**Exercise input**
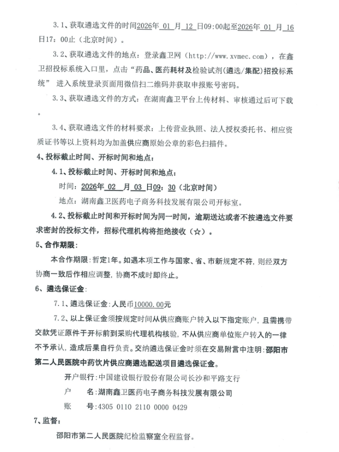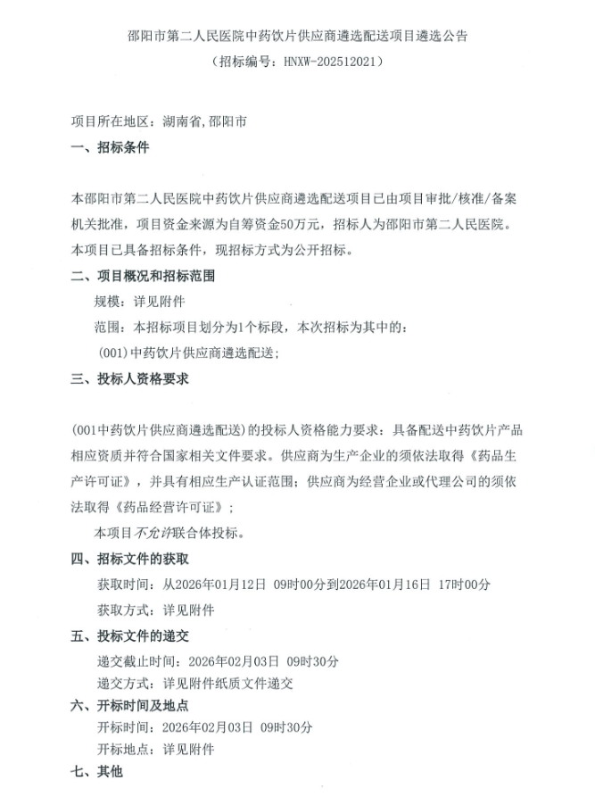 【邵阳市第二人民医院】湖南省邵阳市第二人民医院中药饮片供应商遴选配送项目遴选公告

---

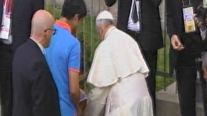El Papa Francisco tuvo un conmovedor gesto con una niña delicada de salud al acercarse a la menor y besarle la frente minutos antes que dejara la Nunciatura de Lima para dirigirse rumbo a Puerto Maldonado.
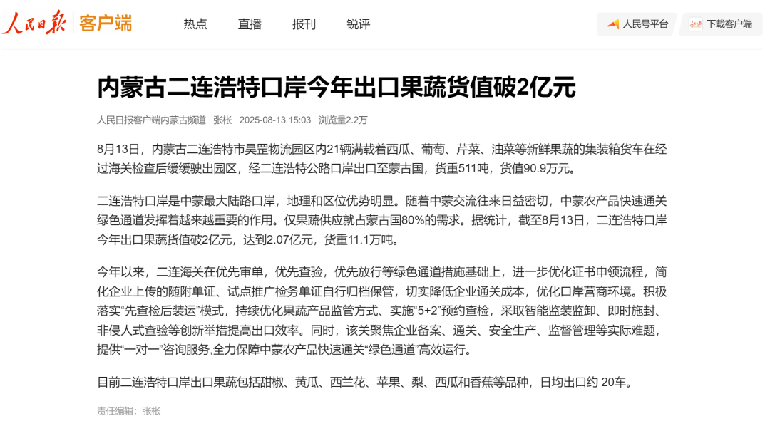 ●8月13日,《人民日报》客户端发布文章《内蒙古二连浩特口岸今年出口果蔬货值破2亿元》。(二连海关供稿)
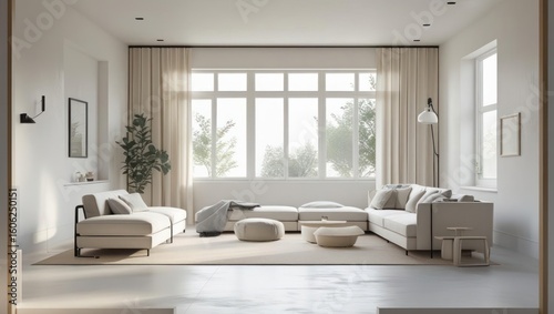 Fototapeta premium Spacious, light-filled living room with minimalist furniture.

**Task requirements**
For this exercise, please set down exactly the lines of the listing above from the line with "El Papa Francisco" up to and including the line with "Fototapeta premium Spacious, light-filled", and no pictures.

**Answer area**
El Papa Francisco tuvo un conmovedor gesto con una niña delicada de salud al acercarse a la menor y besarle la frente minutos antes que dejara la Nunciatura de Lima para dirigirse rumbo a Puerto Maldonado.
 ●8月13日,《人民日报》客户端发布文章《内蒙古二连浩特口岸今年出口果蔬货值破2亿元》。(二连海关供稿)
 Fototapeta premium Spacious, light-filled living room with minimalist furniture.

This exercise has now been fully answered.